- A ‘ChatGPT-authored’ scientific paper highlights the promise and pitfalls of using AI in research and publications.
Use of artificial intelligence (AI) in scientific publishing seems inevitable. While the full capabilities of this fast-changing technology are yet to be determined, some in medical publishing have begun to explore ways to harness the potential of generative AI, while others urge caution and lament a lack of structured guidance. Recently, as reported by Gemma Conroy in Nature News, Professor Roy Kishony and his student, Tal Ifargan, provided new fuel for the debate, by asking ChatGPT to conduct research and write a paper from scratch.
Kishony and Ifargan used a ‘data to paper’ system, in which software acted as a ‘go between’ between humans and generative AI. This system automatically prompted ChatGPT to follow the steps of scientific research, from hypothesis generation to development of a scientific manuscript. In less than an hour, ChatGPT developed a study objective; wrote code to analyse a large, publicly available dataset; and drew conclusions based on its findings and existing literature, which it reported in a 19-page research article.
The study highlighted some promising aspects of incorporating AI into research and publication pathways, namely reduced timelines and the potential to quickly generate written summaries. However, it also shone a light on a number of limitations and risks:
- False narratives: In this case, ChatGPT claimed to ‘address a gap in the literature’, although the subject (a link between diabetes risk and diet and exercise) was already well investigated.
- Decrease in research quality: Kishony flagged the risks of generative AI leading to ‘p hacking’ or a flood of low-quality research papers.

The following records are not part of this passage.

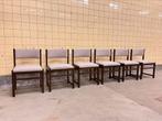 Bekijk gerust onze instagrampagina voor meer vintage meubels en verlichting: @studio_loe_vintage 🤗 leuke set van zes vintage stoelen in donker hout met een zitting en rug in een zandkleurige bouclé.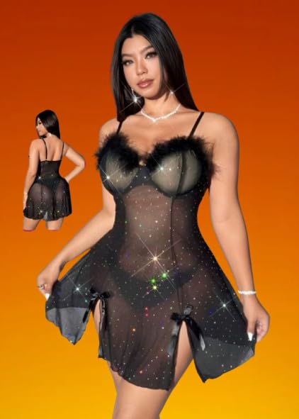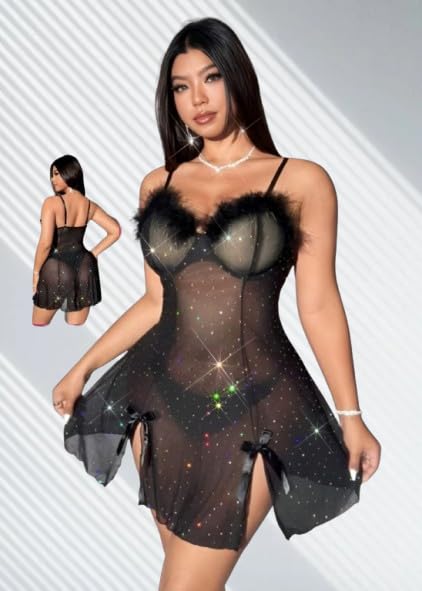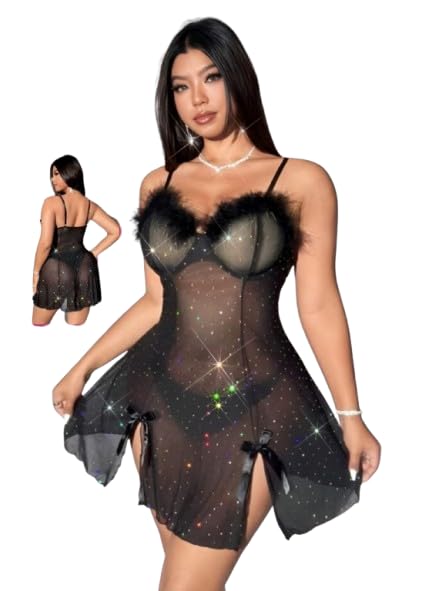 Generic - Sheer Mesh Babydoll Lingerie, Black with Sparkle Details, Feather Trim Cups, Spaghetti Straps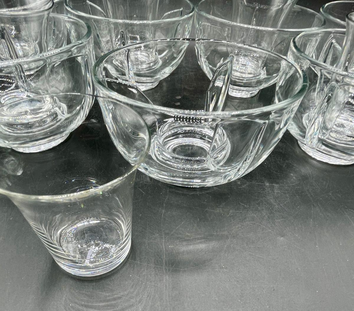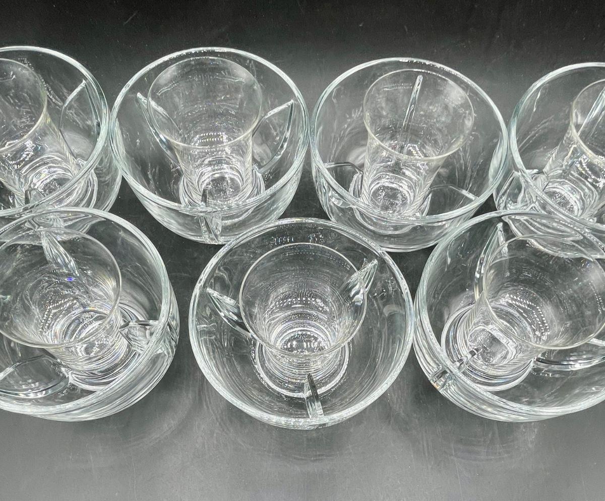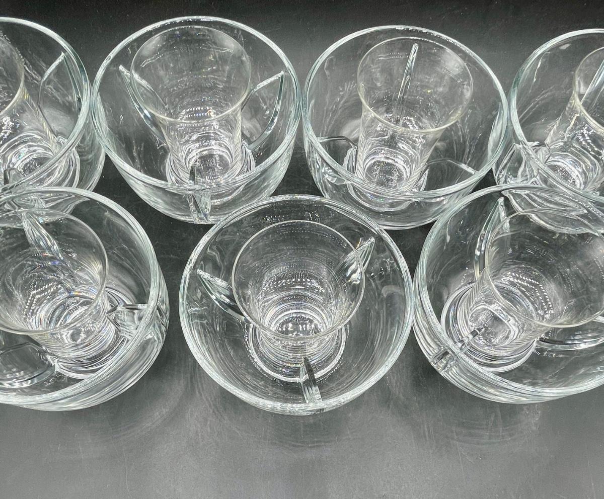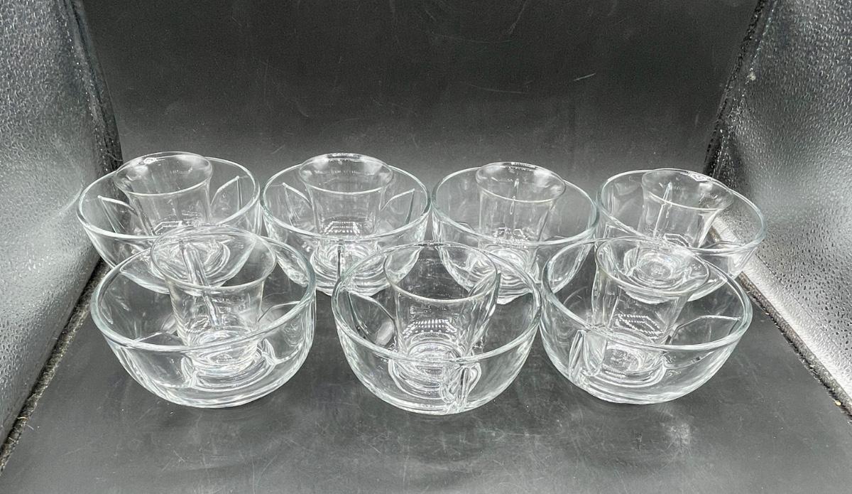Vintage Shrimp Cocktail Bowls clear glass with removable salt insert glass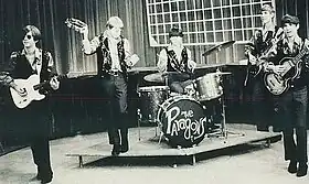 Worried about the possibility that using a controversial moniker might cause the band to lose church gigs and elsewhere, the group decided to change their name from the Pagans to the Paragons.[6] Bobby and Johnny Pace's mother helped them find the new name when looking in a thesaurus and noticing the word "paragon" not far below "pagan" on the page.[6] The band voted to use that as their new name.[6] The Paragons would use the recreation room located in a small house in the backyard of Mr. and Mrs Paces' house for rehearsals.[4][7] It had a pool table and everyone called it "the pool house."[1][7] Le Roy Pace, Bobby and Johnny's father was a TV repairman who moved the band's equipment around in his Ford truck.[7] The band eventually purchased a used hearse.[8] Danny Huntley was the oldest member of the group and had a driver's license, so he operated the vehicle.[9] Like many other bands in the Charlotte area, they bought instruments from Reliable Music, a music store selling new instruments run by Melvin Cohen that was located in the back of a pawn shop owned by his father.[10] The Paragons played at several local teen clubs such as the Spyder (located at the YMCA in Charlotte), the Straggle Inn (at Myers Park Methodist Church) and the Tin Can (at Christ Episcopal Church), and the Web.[1][11] The group occasionally played at the Park Road Shopping Center and on other occasions the local National Guard armory.[1][4][12] The Paragons quickly became one of the most popular bands in the Charlotte area, making strong impressions at various battles of the bands in 1966, such as one sponsored by radio station WAYS and another held at the Charlotte Coliseum.[1][13] The song "Abba" now figured prominently in the band's performances.[14] Other popular bands in the area were the Barons, whose membership included future member of the Paragons Pat Walters on guitar, and the Young Ages, the Hodads, and the Die Hards, who sometimes played at some of the same venues, as well as the Grifs, the Stoaways, and T.C. Atlantic (not to be confused with the Minnesota band of the same name.[1][15] The Tamrons, from Concord were another competitor.[16] Jim Charles eventually left the group and returned to the Abbadons, following a personal dispute with Bobby Pace over a girlfriend.[1][17]

- Incapable of self-correction: Stephen Heard of Scientist Sees Squirrel also provided commentary and analysis on the limitations thrown up by the study, including generative AI’s lack of accuracy. Expert human intervention was required throughout, to spot and correct errors.
- Regurgitating existing ideas: Heard also emphasised that generative AI creates content based on existing source material, thus perpetuating biases and reducing innovation and creativity.
- Hallucinations: As explained by Jie Yee Ong in The Chainsaw, ‘hallucinations’ are a well-known problem with generative AI. This study was no exception, with ChatGPT generating fake citations despite access to the published literature. As Ong puts it, “for now, it is best not to treat everything ChatGPT spits out as gospel”.
Kishony and Ifargan’s carefully planned study allowed generative AI’s work to be checked for accuracy by human experts. Researchers agree that these human checks and balances remain essential to ensuring the credibility of scientific research and publications in which AI plays a role.
Researchers agree that human checks and balances remain essential to ensuring the credibility of scientific research and publications in which AI plays a role.